When you repeat the records, keep every word exact and drop each picture.

- _Provided entries_
++++
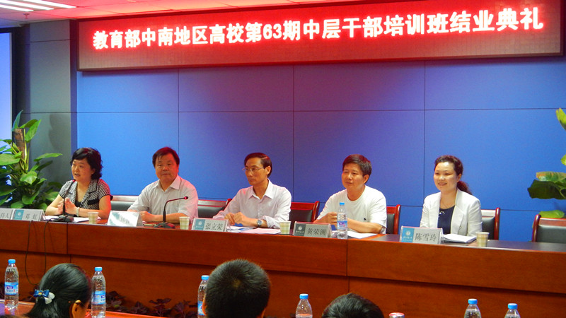 培训班结业典礼。出席结业典礼的主要领导有校党委副书记、教育部中南教育管理干部培训中心主任吴
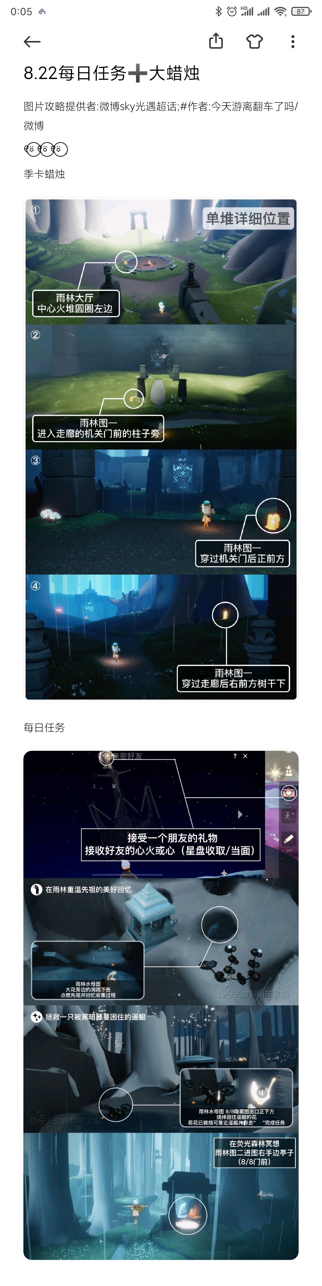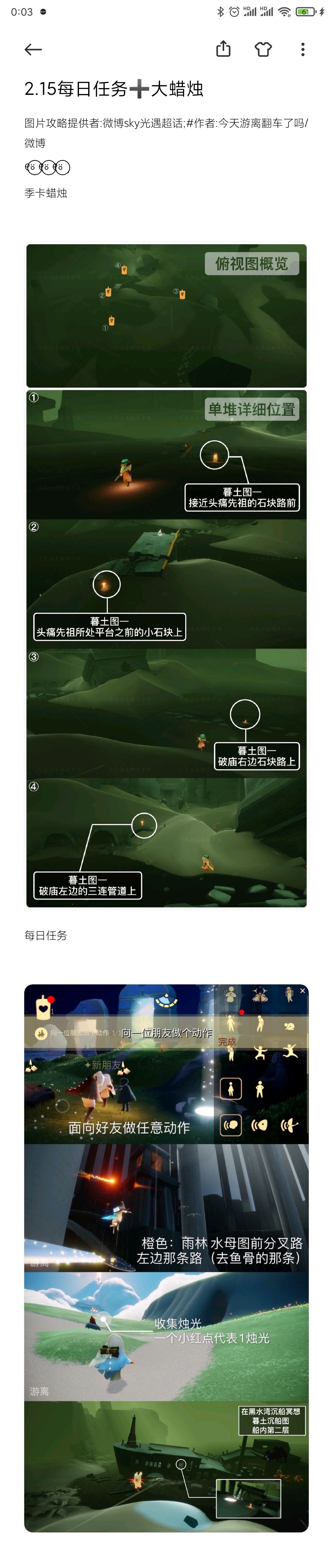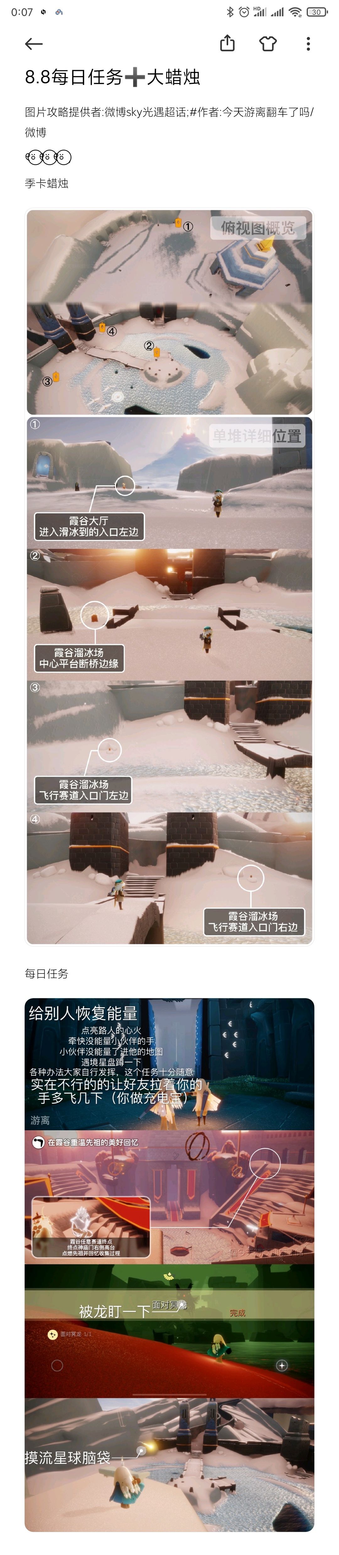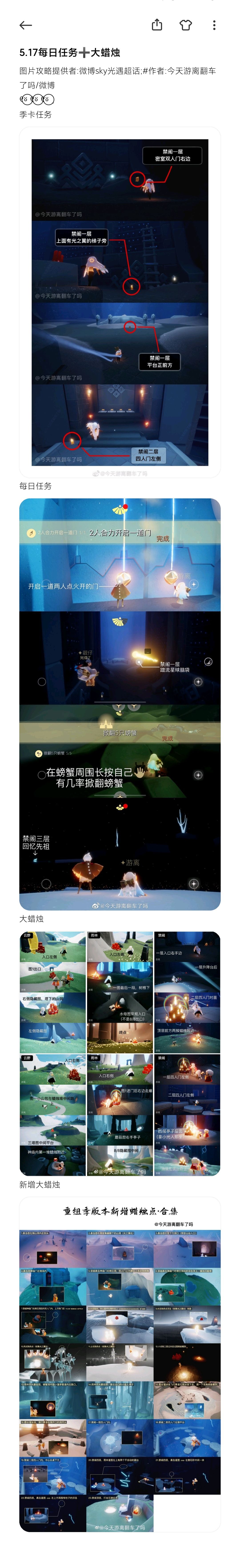 图片攻略提供者:微博sky光遇超话;#作者:今天游离翻车了吗/微博୧⍤⃝ ୧⍤⃝ ୧⍤⃝ , 季卡蜡烛 每日任务 大蜡烛 周年票
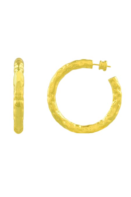 Gold large hoops featuring a raw, unfinished surface with intricate etching
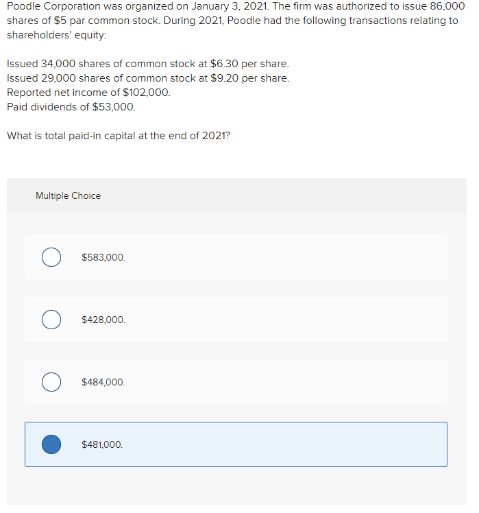 Solved Poodle Corporation was organized on January 3, 2021.
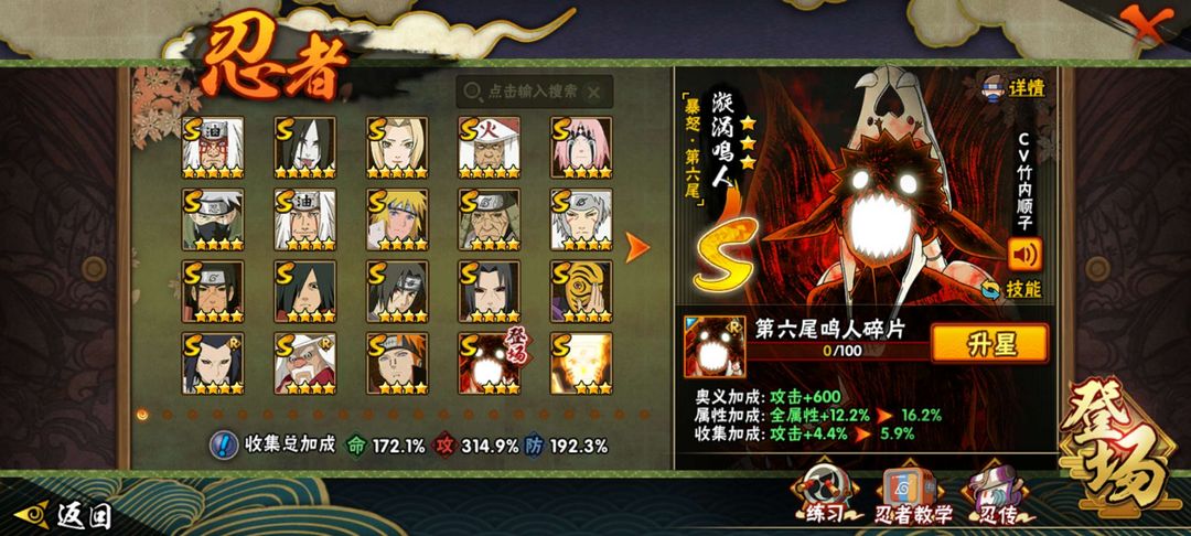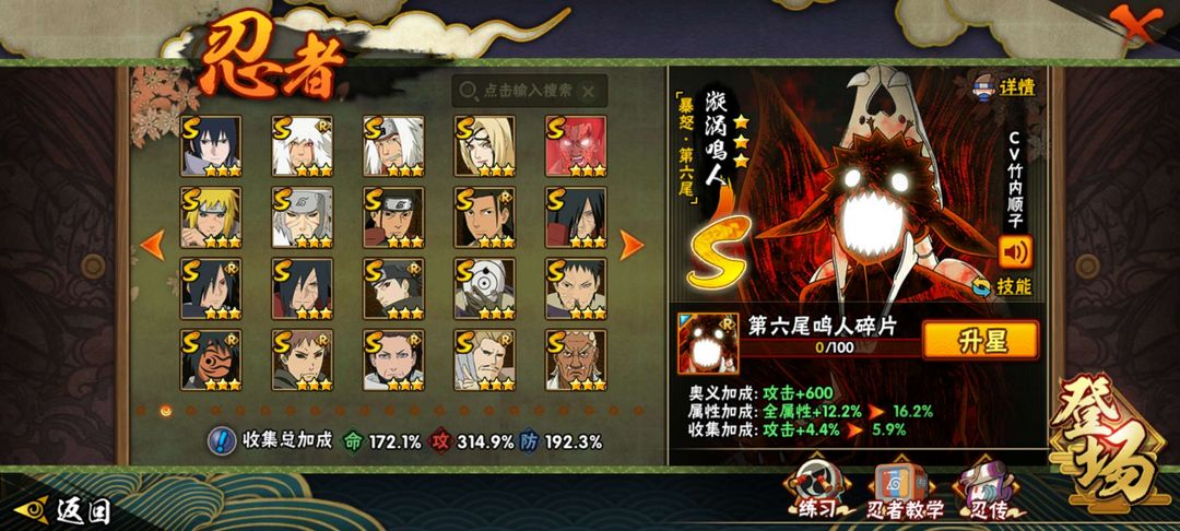 全高招 须佐卡卡西 秽土解斑 漂泊小南 红夜之刃面具男 永恒佐助 六代目水影长十郎大筒木金式卑留呼青年长门九喇嘛鸣人忍战大野木青年艾死门凯 博人传达鲁伊 木叶创立斑 忍战带土 鬼鲛皮肤 青年水门 罗沙 秽土初代 忍战奇拉比 新春止水 秽土鼬 腿影 仙人兜 漂泊再不斩 新春鼬 天道超
++++
- _Your response_
 培训班结业典礼。出席结业典礼的主要领导有校党委副书记、教育部中南教育管理干部培训中心主任吴
 图片攻略提供者:微博sky光遇超话;#作者:今天游离翻车了吗/微博୧⍤⃝ ୧⍤⃝ ୧⍤⃝ , 季卡蜡烛 每日任务 大蜡烛 周年票
 Gold large hoops featuring a raw, unfinished surface with intricate etching
 Solved Poodle Corporation was organized on January 3, 2021.
 全高招 须佐卡卡西 秽土解斑 漂泊小南 红夜之刃面具男 永恒佐助 六代目水影长十郎大筒木金式卑留呼青年长门九喇嘛鸣人忍战大野木青年艾死门凯 博人传达鲁伊 木叶创立斑 忍战带土 鬼鲛皮肤 青年水门 罗沙 秽土初代 忍战奇拉比 新春止水 秽土鼬 腿影 仙人兜 漂泊再不斩 新春鼬 天道超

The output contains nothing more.